In one of my classes , The teacher has a task for each group , Introduce and complete a small module 、 The use of tool knowledge . But what happened to my group was python The little subject of reptiles .

I thought it was not very simple , Why ? It may not be enough to think of new time and energy , I just want to comment on Douban movie ( Short commentary ) Let's do something about it .

I've written about Nezha before , But what I want to write today is as detailed as my aunt . This article mainly realizes to any movie short comment ( hot ) And the visual analysis of grabbing . That is, you just need to provide links and some basic information , He can
 Insert picture description here

analysis

For beancurds ,what shold we consider ? How to analyze ? Douban movie home page

Try this first , Open any movie , Here we use Jiang Ziya For example . Open Jiang Ziya and you will find that it is a non dynamic rendering page , That's the traditional way of rendering , Ask for this directly url You can get the data . But flip through the pages and you'll see : Users who are not logged in can only access the preferred interface , To access the following page .

image-20201022195020410

So the process should be Sign in ——> Reptiles ——> Storage ——> Visual analysis .

Here's the environment and the installation required , The environment is python3, Code in win and linux Can run successfully , If mac and linux Can't run friends font chaos problem, please private me . among pip The package used is as follows , Use Tsinghua directly Image download is very slow ( That's sweet enough ).

pip install requests -i https://pypi.tuna.tsinghua.edu.cn/simple
pip install matplotlib -i https://pypi.tuna.tsinghua.edu.cn/simple
pip install numpy -i https://pypi.tuna.tsinghua.edu.cn/simple
pip install xlrd -i https://pypi.tuna.tsinghua.edu.cn/simple
pip install xlwt -i https://pypi.tuna.tsinghua.edu.cn/simple
pip install bs4 -i https://pypi.tuna.tsinghua.edu.cn/simple
pip install lxml -i https://pypi.tuna.tsinghua.edu.cn/simple
pip install wordcloud -i https://pypi.tuna.tsinghua.edu.cn/simple
pip install jieba -i https://pypi.tuna.tsinghua.edu.cn/simple

Sign in

Douban's login address

There's a password log in bar when you get in , What happened on our way to login , open F12 The console is not enough , We also need to use Fidder Grab the bag .

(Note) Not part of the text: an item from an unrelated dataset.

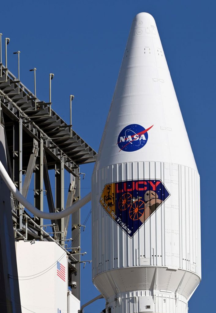 Kapsula me anijen Lucy të NASA-s, në majë të raketës United Launch Alliance Atlas 5, për një mision për të studiuar asteroidët trojan në sistemin e jashtëm diellor, qëndron në Pad-41 në përgatitje për nisje në Stacionin e Forcës Hapësinore Cape Canaveral në Cape Canaveral, Florida, SHBA 15 tetor 2021. REUTERS/Steve Nesius

 Insert picture description here

open F12 Console and then click login , After many attempts, I found that the login interface is also very simple :

 Insert picture description here

Look at the parameters of the request and find that it is a normal request , No encryption , Of course, you can use fidder Carry out the bag , Here I have a simple test, using the wrong password to test . If the failed partner can try to log in manually and exit again, and then run the program again .

image-20201022195625220

Write the login module code like this :

url='https://accounts.douban.com/j/mobile/login/basic'
header={
'user-agent':'Mozilla/5.0 (Windows NT 10.0; WOW64) AppleWebKit/537.36 (KHTML, like Gecko) Chrome/73.0.3683.86 Safari/537.36',
'Referer': 'https://accounts.douban.com/passport/login_popup?login_source=anony',
'Origin': 'https://accounts.douban.com',
'content-Type':'application/x-www-form-urlencoded',
'x-requested-with':'XMLHttpRequest',
'accept':'application/json',
'accept-encoding':'gzip, deflate, br',
'accept-language':'zh-CN,zh;q=0.9',
'connection': 'keep-alive'
,'Host': 'accounts.douban.com'
}
data={

'ck':'',
'name':'',
'password':'',
'remember':'false',
'ticket':''
}
def login(username,password):
global data
data['name']=username
data['password']=password
data=urllib.parse.urlencode(data)
print(data)
req=requests.post(url,headers=header,data=data,verify=False)
cookies = requests.utils.dict_from_cookiejar(req.cookies)
print(cookies)
return cookies

After this HD , The whole execution process is about :
 Insert picture description here

Crawling

After successful login , We can take the login information to visit the website and crawl the information as we like . Although it's a traditional way of interaction , But every time you switch pages, there's a ajax request .
 Insert picture description here
In this part of the interface, we can get the data of the comment part directly , You don't need to request the entire page and extract this part of the content . And this part of url The rules are the same as the previous analysis , only one start Indicates that the current number of items is changing , So just put it together url Just go .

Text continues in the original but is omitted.